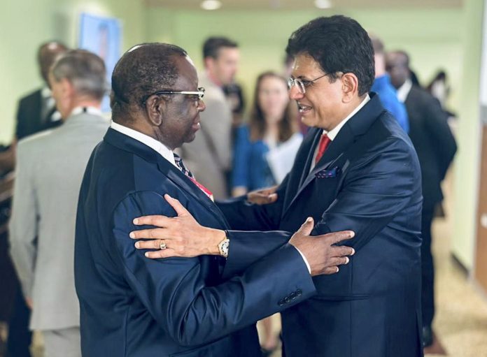 **EDS: THIRD PARTY IMAGE** In this image posted on March 29, 2026, Commerce and Industry Minister Piyush Goyal during a meeting with his Cameroonian counterpart Luc Magloire Mbarga, on the sidelines of the 14th ministerial conference of the World Trade Organisation (WTO) in Yaounde, Cameroon. (@PiyushGoyal/X via PTI Photo) (PTI03_29_2026_000453B)
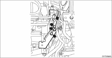 9. Remove the harness stay from the transmission.
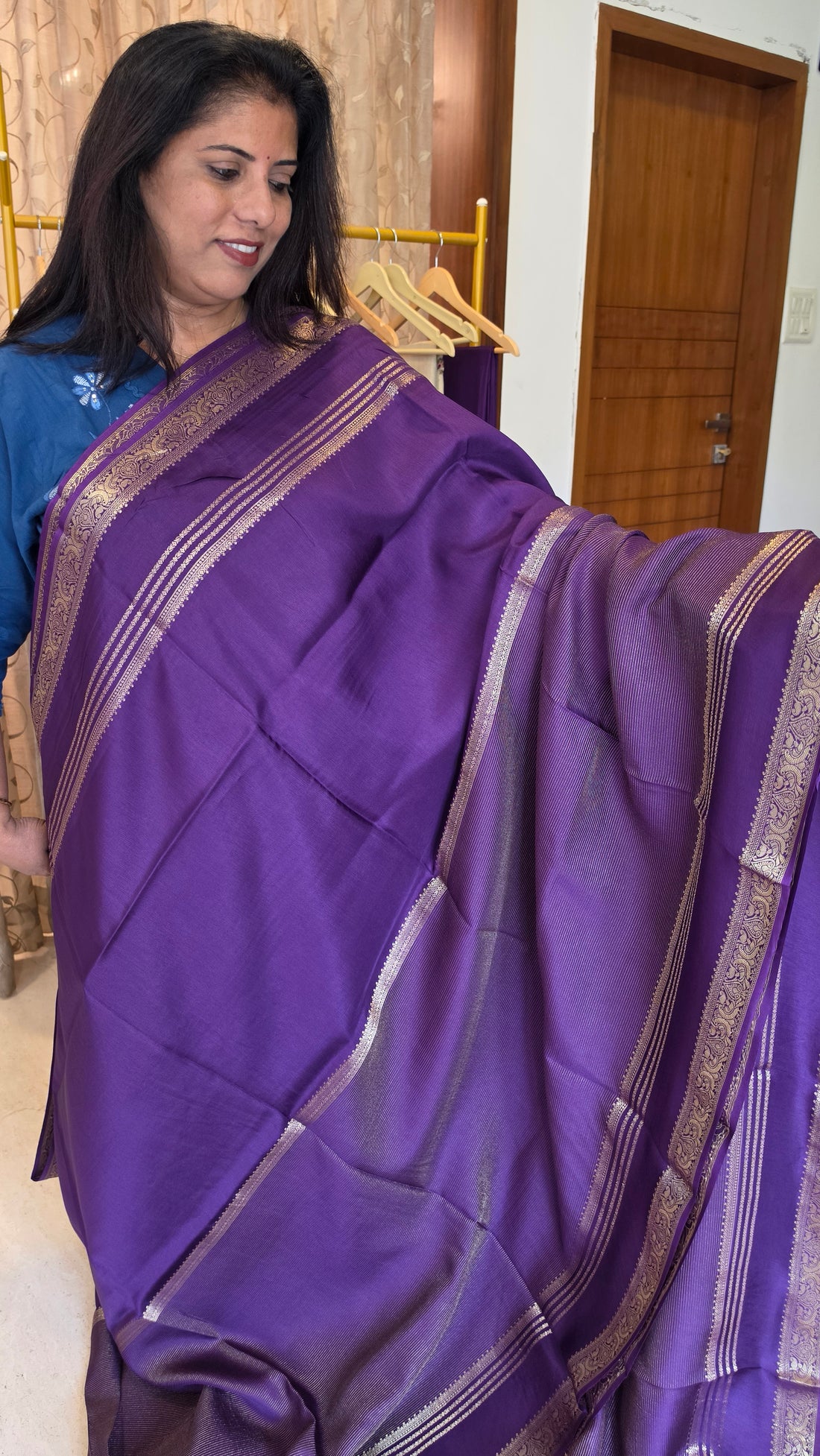 Fabric: Premium Semi Mysore Silk Color: Wine Print/ Design: Plain and Small border with Zari...
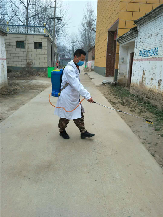 他不是為村民分發(fā)消毒液,就是對(duì)村主干道、公共衛(wèi)生間每天堅(jiān)持消毒,雙腿累腫了,嘴唇起了泡,可他咬牙堅(jiān)持。村委成員見(jiàn)他每天像個(gè)陀螺一樣高速的運(yùn)轉(zhuǎn)著,讓他休息幾天,可楊建崗說(shuō)啥也不同意。每天還是堅(jiān)持著值班,發(fā)現(xiàn)問(wèn)題及時(shí)糾正,對(duì)有些不理解的村民進(jìn)行說(shuō)服教育。除了值班,他還與其他志愿者一起做好流動(dòng)崗,發(fā)現(xiàn)有扎堆的村民立即勸阻,發(fā)現(xiàn)有不戴口罩者一律勸回,對(duì)亂走親戚的村民堅(jiān)決說(shuō)“不”。
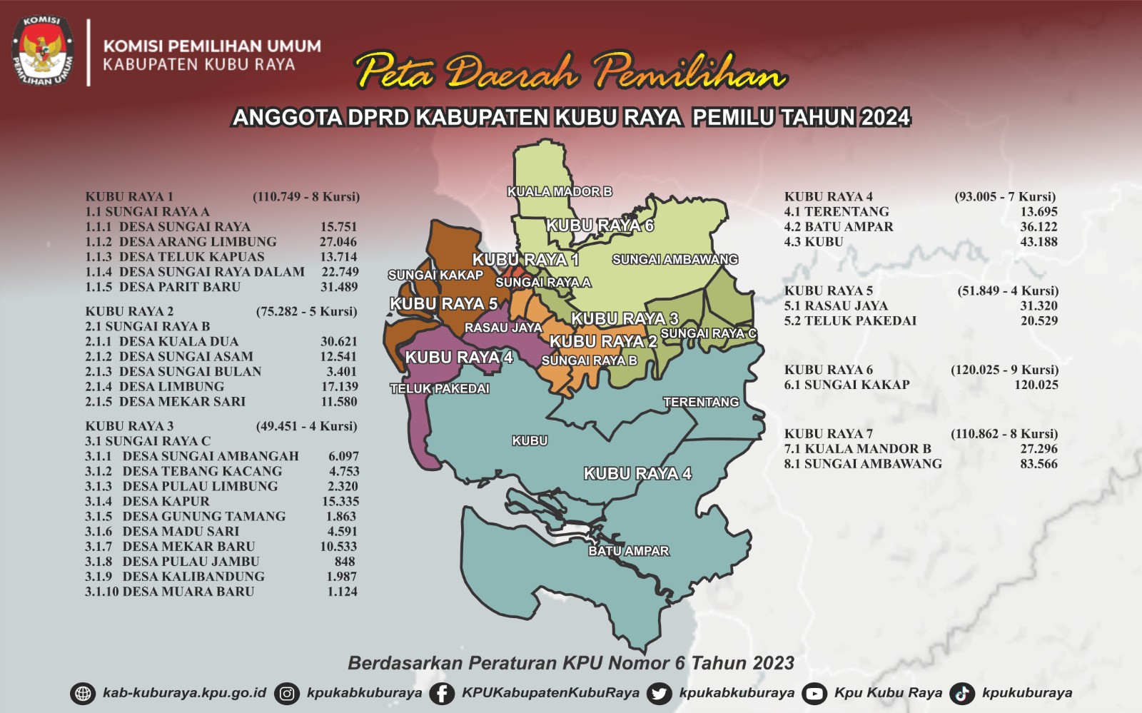 KUBU RAYA - Komisi Pemilihan Umum Republik Indonesia (KPU RI) telah mengeluarkan Peraturan KPU RI Nomor 6 Tahun 2023, tentang Daerah Pemilihan dan Alokasi Kursi Anggota Dewan Perwakilan Rakyat (DPR), Dewan Perwakilan Rakyat Daerah (DPRD) Provinsi dan Dewan Perwakilan Rakyat Daerah (DPRD) Kabupaten/Kota dalam Pemilihan Umum tahun 2024.
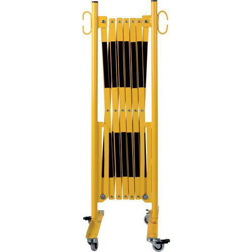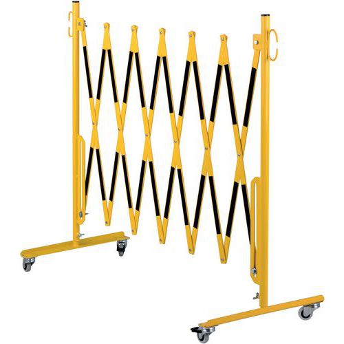Barrière extensible en acier sur roulettes et fixation murale pour une délimitation temporaire. Bandes bi-colores pour plus de visibilité. Convient uniquement pour une utilisation intérieur. Facile à manipuler, stocker et utiliser grâce à ses roulettes avec frein. Certificat du TÜV.
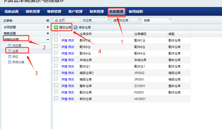 操作:点击列表上方的【增加仓库】按钮,进入编辑页面填写完信息后点击下方的【保存】
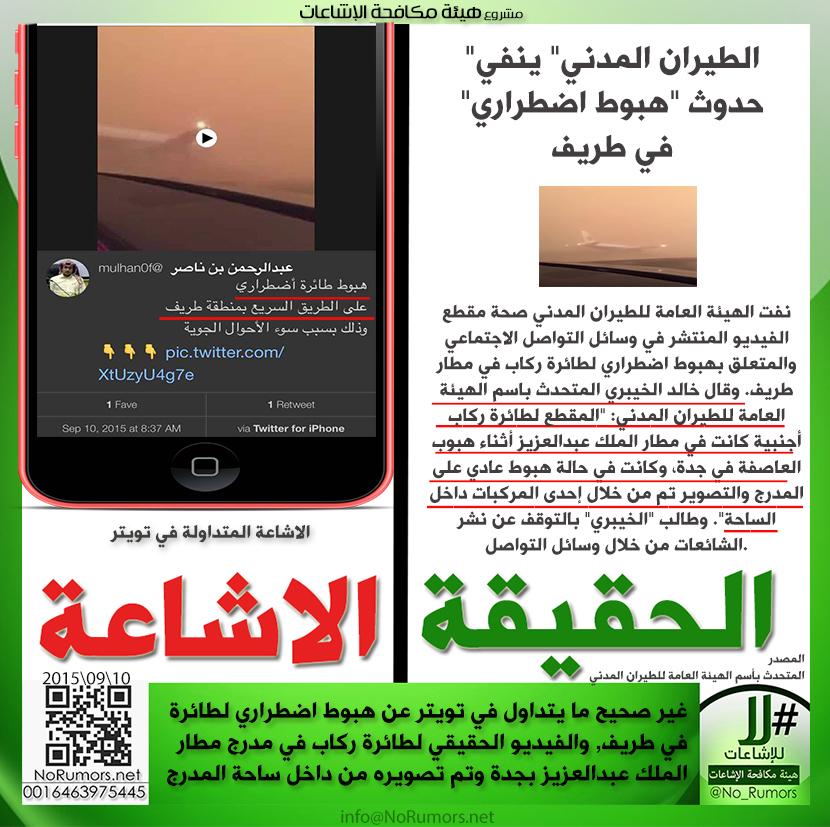 Sebaliknya, sebuah twitter popular Arab Saudi, No_Rumors menjelaskan kejadian itu sebetulnya berlaku di Lapangan Terbang Raja Abdulaziz di Jeddah dan pesawat tidak mendarat di atas jalan raya tetapi landasan.

..............................

**ABOUT THIS TASK**
Without any pictures, please reproduce the full set of entries.

**SOLUTION**
 **EDS: THIRD PARTY IMAGE** In this image posted on March 29, 2026, Commerce and Industry Minister Piyush Goyal during a meeting with his Cameroonian counterpart Luc Magloire Mbarga, on the sidelines of the 14th ministerial conference of the World Trade Organisation (WTO) in Yaounde, Cameroon. (@PiyushGoyal/X via PTI Photo) (PTI03_29_2026_000453B)
 9. Remove the harness stay from the transmission.
 Fabric: Premium Semi Mysore Silk Color: Wine Print/ Design: Plain and Small border with Zari...
 他不是為村民分發(fā)消毒液,就是對(duì)村主干道、公共衛(wèi)生間每天堅(jiān)持消毒,雙腿累腫了,嘴唇起了泡,可他咬牙堅(jiān)持。村委成員見(jiàn)他每天像個(gè)陀螺一樣高速的運(yùn)轉(zhuǎn)著,讓他休息幾天,可楊建崗說(shuō)啥也不同意。每天還是堅(jiān)持著值班,發(fā)現(xiàn)問(wèn)題及時(shí)糾正,對(duì)有些不理解的村民進(jìn)行說(shuō)服教育。除了值班,他還與其他志愿者一起做好流動(dòng)崗,發(fā)現(xiàn)有扎堆的村民立即勸阻,發(fā)現(xiàn)有不戴口罩者一律勸回,對(duì)亂走親戚的村民堅(jiān)決說(shuō)“不”。
 KUBU RAYA - Komisi Pemilihan Umum Republik Indonesia (KPU RI) telah mengeluarkan Peraturan KPU RI Nomor 6 Tahun 2023, tentang Daerah Pemilihan dan Alokasi Kursi Anggota Dewan Perwakilan Rakyat (DPR), Dewan Perwakilan Rakyat Daerah (DPRD) Provinsi dan Dewan Perwakilan Rakyat Daerah (DPRD) Kabupaten/Kota dalam Pemilihan Umum tahun 2024.
Barrière extensible en acier sur roulettes et fixation murale pour une délimitation temporaire. Bandes bi-colores pour plus de visibilité. Convient uniquement pour une utilisation intérieur. Facile à manipuler, stocker et utiliser grâce à ses roulettes avec frein. Certificat du TÜV.
 操作:点击列表上方的【增加仓库】按钮,进入编辑页面填写完信息后点击下方的【保存】
 Sebaliknya, sebuah twitter popular Arab Saudi, No_Rumors menjelaskan kejadian itu sebetulnya berlaku di Lapangan Terbang Raja Abdulaziz di Jeddah dan pesawat tidak mendarat di atas jalan raya tetapi landasan.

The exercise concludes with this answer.